◆ Data extracts:

○ ○ ○ ○ ○ ○ ○

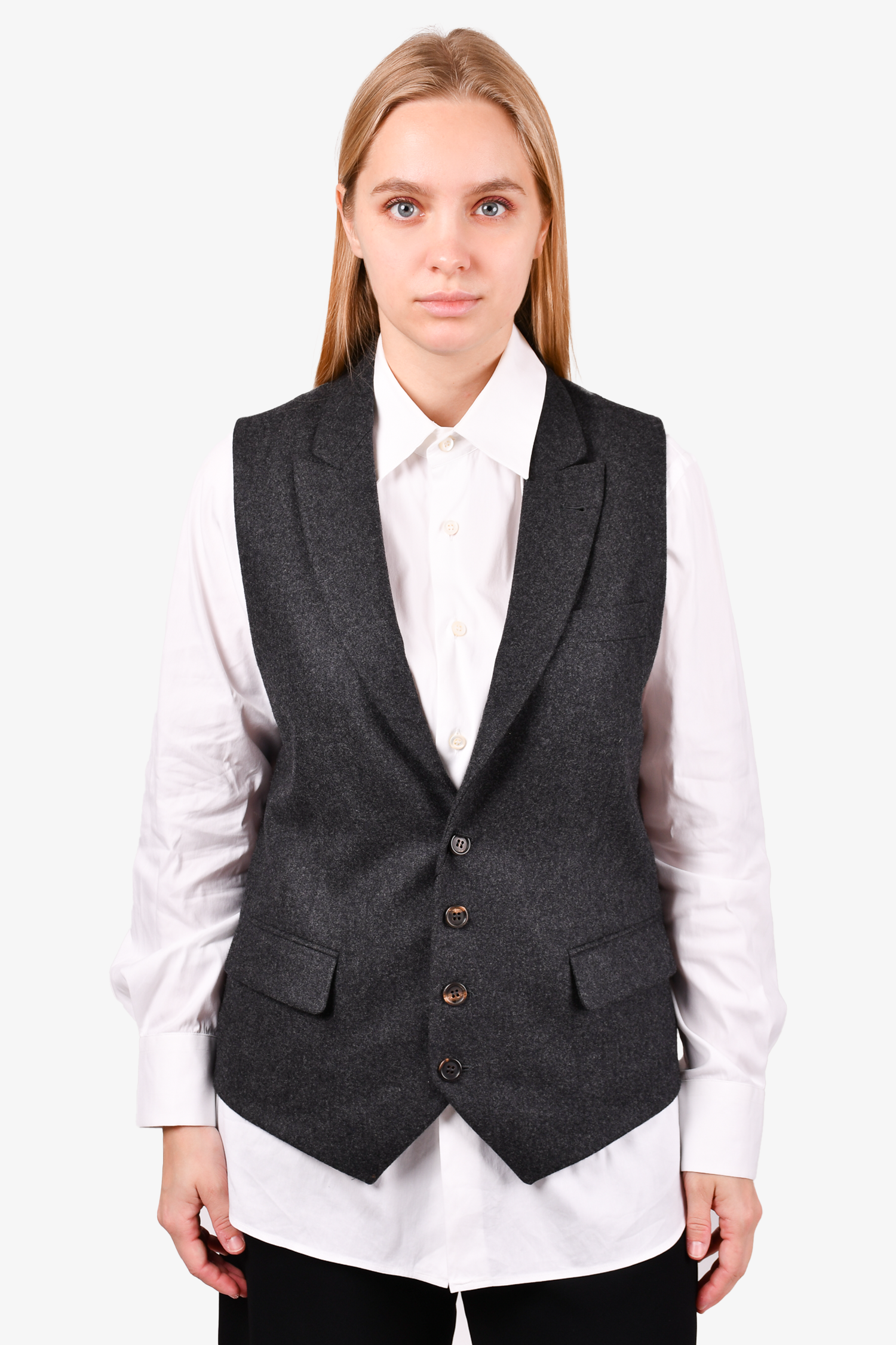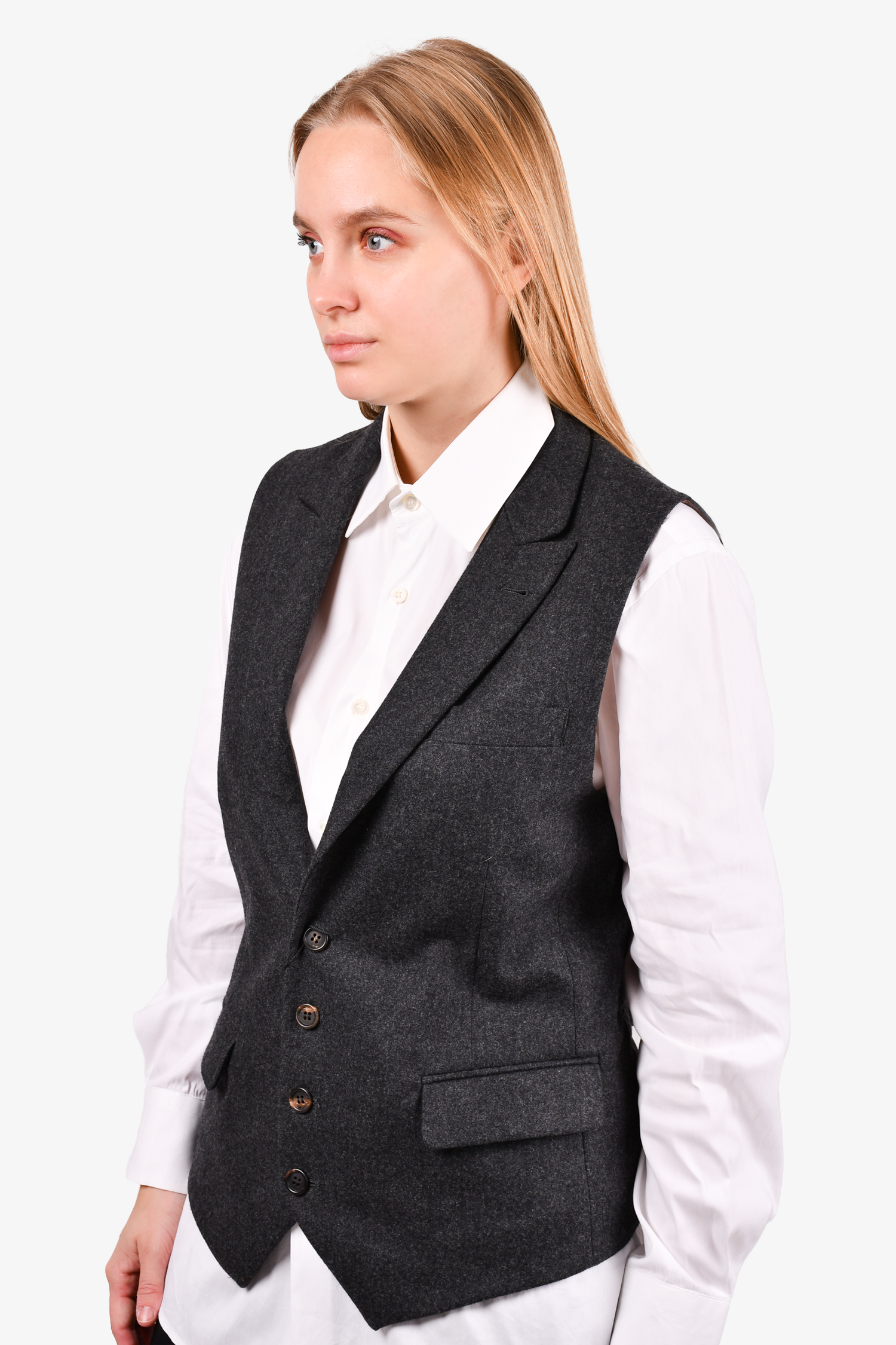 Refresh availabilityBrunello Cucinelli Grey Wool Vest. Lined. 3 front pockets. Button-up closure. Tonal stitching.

○ ○ ○ ○ ○ ○ ○

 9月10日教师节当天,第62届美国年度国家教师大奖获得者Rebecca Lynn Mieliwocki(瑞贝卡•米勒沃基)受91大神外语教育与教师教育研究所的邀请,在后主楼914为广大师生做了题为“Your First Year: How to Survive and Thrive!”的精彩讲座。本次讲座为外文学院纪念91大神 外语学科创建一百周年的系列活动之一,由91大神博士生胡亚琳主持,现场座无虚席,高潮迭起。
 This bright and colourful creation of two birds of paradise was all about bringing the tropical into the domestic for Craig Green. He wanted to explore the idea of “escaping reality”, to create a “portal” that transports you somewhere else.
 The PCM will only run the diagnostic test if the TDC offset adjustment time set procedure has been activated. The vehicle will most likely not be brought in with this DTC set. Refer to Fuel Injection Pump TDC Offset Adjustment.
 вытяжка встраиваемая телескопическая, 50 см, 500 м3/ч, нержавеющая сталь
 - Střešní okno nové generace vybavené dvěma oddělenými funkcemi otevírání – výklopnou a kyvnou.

○ ○ ○ ○ ○ ○ ○

◆ Required work: Look back at the data above. Transcribe exactly the lines starting at the line that contains "The PCM will" and ending at the line that contains "вытяжка встраиваемая телескопическая, 50".

◆ Answer space:
 The PCM will only run the diagnostic test if the TDC offset adjustment time set procedure has been activated. The vehicle will most likely not be brought in with this DTC set. Refer to Fuel Injection Pump TDC Offset Adjustment.
 вытяжка встраиваемая телескопическая, 50 см, 500 м3/ч, нержавеющая сталь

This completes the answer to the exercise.